It's been suggested that things might all be fine, maybe the increase in case numbers is just due to more/better testing. There certainly could be a grain of truth in the idea, as the number of tests undertaken has risen a little and the proportion of tests that have been positive has actually kept fairly steady over recent weeks at around 1%. On the other hand, you might reasonably expect the proportion of positives to drop with rising test numbers even if the number of ill people was constant, let alone falling as SAGE claim - consider at the extreme, 65 million tests couldn't find 650,000 positives if only a few tens of thousands are actually ill at any one time. Also, the ONS pilot survey is solid independent evidence for a slight increase in cases, albeit not entirely conclusive. But let's ignore that inconvenient result (as the BBC journalist did), and consider the plausibility of R not having increased in recent weeks.
This is fairly easy to test with my data assimilation system. I can just stop R from varying at some point in time (by setting the prior variance on the daily step to a negligible size). For the first experiment, I replaced the large jump I had allowed on 4th July, with fixing the value of R from that point on. Note however that the estimation is still using data subsequent to that date, ie it is finding the (probabilistic) best fit for the full time series, under the constraint that R cannot change past 4 July. I've also got a time-varying case ascertainment factor which I'll call C, which can continue to vary throughout the full interval.
Here are the results, which are not quite what I expected. Sure, R doesn't vary past the 4th of July, but in order to fit the data, it shoots up to 1 in the few days preceding that date (red plume on 2nd plot). The fit to the death data in the bottom plot looks pretty decent (the scatter of the data is very large, due to artefacts in the counting methodology) and also the case numbers in the top plot are reasonable. See what has happened to the C factor though (red plume on top graph). After being fairly stable through May and most of June, it takes a brief nose-dive to compensate for R rising at the end of June, and then has to bounce back up in July to explain the rise in case numbers.

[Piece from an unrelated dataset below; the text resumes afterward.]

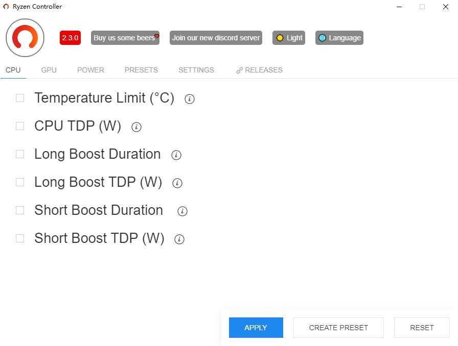 Ryzen Controller是一款功能强大、简单专业的CPU管理软件,使用这款软件用户可以对CPU温度墙、功耗等参数进行设置,可以通过简单便捷的设置即可释放系统原有性能,帮助用户调整电脑CPU运行,让电脑始终保持最佳运行状态; Ryzen Controller 支持CPU、GPU以及电池管理等自定义预设,当你需要额外的功率时点击预设即可启用,非常简单方便,目前大多数的电脑都没有用于调整CPU、GPU等处理器性能的工具,因此下载并使用Ryzen Controller这款CPU管理控制软件,可以有效解决这一问题。

While this isn't impossible, it looks a bit contrived, and also note that even so, we still have R=1, firmly outside the SAGE range of 0.8-0.9. Which isn't exactly great news with school opening widely expected to raise this value by 0.2-0.5 (link1, link2).
So, how about fixing R to a more optimistic level, somewhere below 1? My code isn't actually set up very well for that specific experiment, so instead of holding R down directly, I just put the date back at which R stops varying. In the simulations below it can't change past the 1st June. It still climbs up just prior to that date, but only to 0.9 this time, right at the edge of the range of SAGE values. The fit to the death data is similar, but tis time the swoop down for C on the upper plot is a bit more pronounced (because R is higher through June) and then it has to really ramp up suddenly in July to match the rise in case numbers. You can see that it starts to underestimate the case numbers towards the present day too, C would have to keep on ramping up even more to match that properly.
So R being in the SAGE range isn't completely impossible, but requires some rather contrived behaviour from the rest of the model which doesn't look reasonable to me. I don't believe it and think that unfortunately there is a much simpler explanation for (some of) the rise in case numbers.